The main gap admitted to by participants related to information and training on how to identify and address codeine misuse. What follows is an attempt to respond to those gaps. Signs to look out for include repeated requests for products by name; refusal by patients to consider single-ingredient paracetamol or ibuprofen products; and agitation at pharmacist/pharmacy staff interventions. Physical symptoms that might indicate misuse would include complaints about headache (‘medication overuse headache’) or constipation. Serious side-effects such as paracetamol hepatotoxicity or gastrointestinal haemorrhage are more likely to be picked up by primary or secondary care services. There is, though, a case for referral by pharmacists to the latter services resulting from sensitive exploration in private of a patient’s analgesic use, possibly following a medication utilisation review that included codeine. Another possibility suggested by Dr Van Hout and colleagues involves the inclusion of a self-screening leaflet with each purchase, along with an invitation for a follow-up discussion with a pharmacist.  
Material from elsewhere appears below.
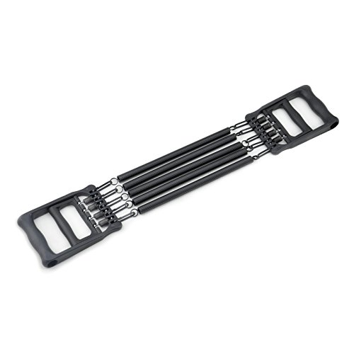 Length: 26.5". · Springs / Cables Length:14.5". · Handle Length: 6.25". · Resistance: 30 KG. · Material: Plastic handles and spring steel wire. · Color: Blank handles, Black springs. Ideal for use with Strand pulling Exercises. · Durable and lightweight. · Great for chest pulls and lateral raises. · Portable for training anywhere. · The five long springs can be assembled and disassembled according to personal favor. · Multi-function with different ways to exercise with. Multi-function handles also work as hand gripper.

Such a screen could be based on the well-known Drug Abuse Screening Test (DAST), a 10- item instrument that includes questions such as: Have you used codeine other than for medical reasons? Are you always able to stop using codeine when you want to? Have you experienced withdrawal symptoms when you stopped codeine? Do you ever feel bad or guilty about your codeine use? Scores of three or more indicate moderate-to-severe levels of misuse for which referral to specialist services is indicated.

 Such a service is provided at the St John of God Hospital in Stillorgan under the leadership of consultant psychiatrist Dr Colin O’Gara. He is on record as having stated that some patients will need no intervention as they realise that immediate withdrawal (‘cold turkey’) is the most time efficient option for them. Many others will require managed withdrawal on an inpatient basis because patients may have continued easy access to codeine preparations in a community setting. Some may detox without the support of medication such as sedatives but others may need opioid maintenance therapy (OMT) involving either methadone or buprenorphine. OMT may be necessary in the most severe cases where patients may have been using up to one gram of codeine per day. Lofexidine may also be used to alleviate any noradrenergic surge associated with the withdrawal process. The rehabilitation programme that follows on from the detox may last from one-to-three months with intensive group and individual therapy. This is based on Cognitive Behavioural Therapy (CBT) challenging negative self-defeating thoughts that maintain the addiction.

Given how disruptive to an individual’s life such an intervention is likely to be, surely the old cliché about prevention being better than cure comes into play. Continued vigilance, advice and patient education in the pharmacy about codeine is essential.